Councillors have voted through cuts to the fire service despite their own reservations, thousands of objections from the public and a vote of no confidence by union leaders on safety grounds.
Between 10 and 20 job losses across East Sussex will include four firefighters from the three stations in Brighton and Hove where “group crewing” will be brought in.
The Fire Brigades Union was critical of the initial plans to cut dozens of jobs but the figure was revised down after a consultation. Some people are now likely to be redeployed.
The union also opposed proposals to downgrade some fire stations and reduce the number of fire engines.
The public objected to proposals for fire crews to end routine rescues of people stuck in lifts and to leave animal charities to rescue pets and wildlife such as birds trapped in netting.
Chief Fire Officer Dawn Whittaker said that East Sussex Fire and Rescue Service dealt with an above-average number of cases of people trapped in broken-down lifts.

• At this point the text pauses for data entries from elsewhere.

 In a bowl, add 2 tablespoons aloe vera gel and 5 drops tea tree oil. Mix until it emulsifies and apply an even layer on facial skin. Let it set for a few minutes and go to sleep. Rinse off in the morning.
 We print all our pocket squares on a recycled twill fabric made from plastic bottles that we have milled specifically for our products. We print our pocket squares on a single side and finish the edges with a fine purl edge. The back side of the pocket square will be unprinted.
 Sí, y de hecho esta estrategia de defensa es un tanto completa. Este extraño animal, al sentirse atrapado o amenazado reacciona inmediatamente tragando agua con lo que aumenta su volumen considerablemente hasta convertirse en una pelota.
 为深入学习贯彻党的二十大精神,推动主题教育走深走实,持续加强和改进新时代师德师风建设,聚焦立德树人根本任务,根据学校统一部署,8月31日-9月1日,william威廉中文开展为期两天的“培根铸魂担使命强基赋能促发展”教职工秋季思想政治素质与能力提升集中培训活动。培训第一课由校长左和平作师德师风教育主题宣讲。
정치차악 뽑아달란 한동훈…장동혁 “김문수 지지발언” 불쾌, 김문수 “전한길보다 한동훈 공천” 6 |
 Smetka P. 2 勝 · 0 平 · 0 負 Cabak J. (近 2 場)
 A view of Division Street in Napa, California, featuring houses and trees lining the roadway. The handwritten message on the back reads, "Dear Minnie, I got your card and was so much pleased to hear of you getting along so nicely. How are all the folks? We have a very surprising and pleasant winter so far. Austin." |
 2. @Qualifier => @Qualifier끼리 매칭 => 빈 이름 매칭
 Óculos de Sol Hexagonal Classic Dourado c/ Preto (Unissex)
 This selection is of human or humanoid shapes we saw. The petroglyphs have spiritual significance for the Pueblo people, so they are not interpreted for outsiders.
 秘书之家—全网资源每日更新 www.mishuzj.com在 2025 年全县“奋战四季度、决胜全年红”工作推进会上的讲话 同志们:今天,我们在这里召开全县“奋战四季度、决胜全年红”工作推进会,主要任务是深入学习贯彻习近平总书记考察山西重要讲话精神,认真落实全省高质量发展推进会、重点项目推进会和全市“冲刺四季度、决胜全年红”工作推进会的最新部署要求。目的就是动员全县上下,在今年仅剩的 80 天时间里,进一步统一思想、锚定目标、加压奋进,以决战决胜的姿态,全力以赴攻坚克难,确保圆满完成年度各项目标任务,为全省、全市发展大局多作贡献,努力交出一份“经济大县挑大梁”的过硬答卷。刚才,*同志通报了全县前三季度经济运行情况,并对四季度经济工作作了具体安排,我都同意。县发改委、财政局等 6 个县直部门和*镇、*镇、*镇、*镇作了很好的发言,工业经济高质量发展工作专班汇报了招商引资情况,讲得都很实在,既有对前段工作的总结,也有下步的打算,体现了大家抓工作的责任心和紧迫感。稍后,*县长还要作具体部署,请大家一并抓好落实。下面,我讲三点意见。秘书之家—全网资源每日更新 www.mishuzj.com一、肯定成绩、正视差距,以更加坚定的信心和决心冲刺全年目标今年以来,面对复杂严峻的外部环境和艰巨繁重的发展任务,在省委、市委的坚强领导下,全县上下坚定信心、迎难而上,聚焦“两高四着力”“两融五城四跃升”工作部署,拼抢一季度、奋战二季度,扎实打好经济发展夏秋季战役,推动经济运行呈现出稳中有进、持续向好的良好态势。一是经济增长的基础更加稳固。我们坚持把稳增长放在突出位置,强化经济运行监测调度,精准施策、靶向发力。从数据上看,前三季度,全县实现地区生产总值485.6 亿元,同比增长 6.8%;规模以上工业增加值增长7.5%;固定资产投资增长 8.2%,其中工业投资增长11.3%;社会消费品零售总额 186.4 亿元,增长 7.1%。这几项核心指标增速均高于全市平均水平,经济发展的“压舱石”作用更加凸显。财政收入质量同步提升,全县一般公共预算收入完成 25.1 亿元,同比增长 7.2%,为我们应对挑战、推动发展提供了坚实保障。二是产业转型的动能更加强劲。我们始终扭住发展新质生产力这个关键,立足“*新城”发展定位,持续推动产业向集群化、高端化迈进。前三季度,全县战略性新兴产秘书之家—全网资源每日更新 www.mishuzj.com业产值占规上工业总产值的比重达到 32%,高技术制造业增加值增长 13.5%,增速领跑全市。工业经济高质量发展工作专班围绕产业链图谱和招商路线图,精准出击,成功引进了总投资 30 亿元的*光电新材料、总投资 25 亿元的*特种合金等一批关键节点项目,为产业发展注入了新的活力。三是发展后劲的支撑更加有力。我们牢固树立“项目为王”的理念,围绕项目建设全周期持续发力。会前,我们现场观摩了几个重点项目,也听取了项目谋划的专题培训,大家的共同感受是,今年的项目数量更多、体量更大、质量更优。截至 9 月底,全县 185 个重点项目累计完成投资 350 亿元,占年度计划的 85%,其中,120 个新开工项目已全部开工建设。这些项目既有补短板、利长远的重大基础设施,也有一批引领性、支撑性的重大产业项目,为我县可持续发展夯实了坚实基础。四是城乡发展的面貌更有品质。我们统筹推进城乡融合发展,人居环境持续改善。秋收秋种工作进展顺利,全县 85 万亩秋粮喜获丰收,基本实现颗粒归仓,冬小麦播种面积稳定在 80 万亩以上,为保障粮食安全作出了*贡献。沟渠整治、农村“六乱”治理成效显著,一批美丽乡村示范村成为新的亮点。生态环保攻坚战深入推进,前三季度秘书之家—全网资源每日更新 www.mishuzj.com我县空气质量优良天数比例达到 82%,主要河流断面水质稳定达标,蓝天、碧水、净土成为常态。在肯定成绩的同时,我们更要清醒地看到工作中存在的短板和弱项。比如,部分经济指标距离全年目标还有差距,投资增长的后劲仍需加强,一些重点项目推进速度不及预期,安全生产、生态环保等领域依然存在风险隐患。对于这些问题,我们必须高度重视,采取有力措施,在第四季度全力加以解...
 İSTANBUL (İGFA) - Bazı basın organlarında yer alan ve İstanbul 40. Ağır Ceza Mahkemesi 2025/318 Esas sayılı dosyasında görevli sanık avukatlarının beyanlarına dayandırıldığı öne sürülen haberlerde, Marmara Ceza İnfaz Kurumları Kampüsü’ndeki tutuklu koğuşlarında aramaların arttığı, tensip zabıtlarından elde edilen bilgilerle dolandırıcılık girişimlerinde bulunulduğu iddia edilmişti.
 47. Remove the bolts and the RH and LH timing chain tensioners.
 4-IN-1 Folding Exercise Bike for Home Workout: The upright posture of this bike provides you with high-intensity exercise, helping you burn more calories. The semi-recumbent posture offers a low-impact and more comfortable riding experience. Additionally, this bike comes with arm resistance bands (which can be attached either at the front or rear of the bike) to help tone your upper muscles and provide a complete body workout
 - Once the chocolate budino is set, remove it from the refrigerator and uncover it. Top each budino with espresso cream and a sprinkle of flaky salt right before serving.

Old and poorly maintained lifts in blocks of flats in Brighton were a particular problem, she told a meeting of the East Sussex Fire Authority today (Thursday 3 September).
Brighton and Hove City Council is understood to have accelerated its multimillion-pound lift replacement programme in dozens of blocks where there have been repeated breakdowns.
Green councillor Steph Powell said: “I have to say that 10, 15 or 20 years ago nobody on this authority would be coming up with a suggestion that firefighters should not be attempting to do an animal rescue of any kind.
“They would not be suggesting that firefighters were not the best people to attend those trapped in lifts. It is absolutely ridiculous.”
The chief fire officer said: “I agree entirely with Councillor Powell’s statement about the trauma of being trapped in a lift if you are elderly, infirm or vulnerable.
“I would just like to make the point that it was never our professional view that we would stop attending incidents of that nature.
“We do however have a very high number of (trapped lift calls) and some of those issues are about poor maintenance of lifts, particularly blocks in Brighton where we have on a number of occasions had multiple turnouts to the same buildings and been failing to get support to get some of those maintenance issues rectified.
“I would welcome councillor support from the city to try to address some of those issues – because it is a waste of resource candidly.
“It is not about risk to life and people. It is about businesses actually maintaining their buildings properly so that we are not wasting an emergency service resource.”
Twenty jobs are expected to go as result of the approved proposals although 10 of them are likely to be transferred to a new “flexible resourcing pool” or to fire safety work.
The fire service said that it did not expect any compulsory redundancies to be necessary.
The initial proposals would have meant up to 33 firefighter job losses. Again, some people would probably have been redeployed.
Under the approved plans, proposed staffing changes have been dropped at five out of six seven-day, day-crewed fire stations in the county – Bexhill, Newhaven, Crowborough, Lewes and Uckfield.
Under the previous proposals these stations would only have had full-time firefighters on site during the daytime Monday to Friday, with on-call firefighters providing evening and weekend cover.
The switch to five-day daytime crewing will, however, go ahead at Battle fire station.
Plans to downgrade The Ridge fire station in Hastings – which currently has firefighters on site 24/7 – to a seven-day day-crewed station were also approved. On-call firefighters will provide cover at evenings and weekends.
But the other fire station in Hastings – the full-time Bohemia Road – will gain a second fire engine to enhance its cover.
Plans to cut fire engines from some other stations were also scaled back, with Bexhill, Crowborough, Uckfield and Newhaven all retaining a second vehicle.
Other stations will have access to specialist operational vehicles so that Lewes, Battle, Rye, Heathfield, Seaford and Wadhurst maintain at least two operational vehicles, the fire service said.
The proposed changes were set out in a document called the Integrated Risk Management Plan.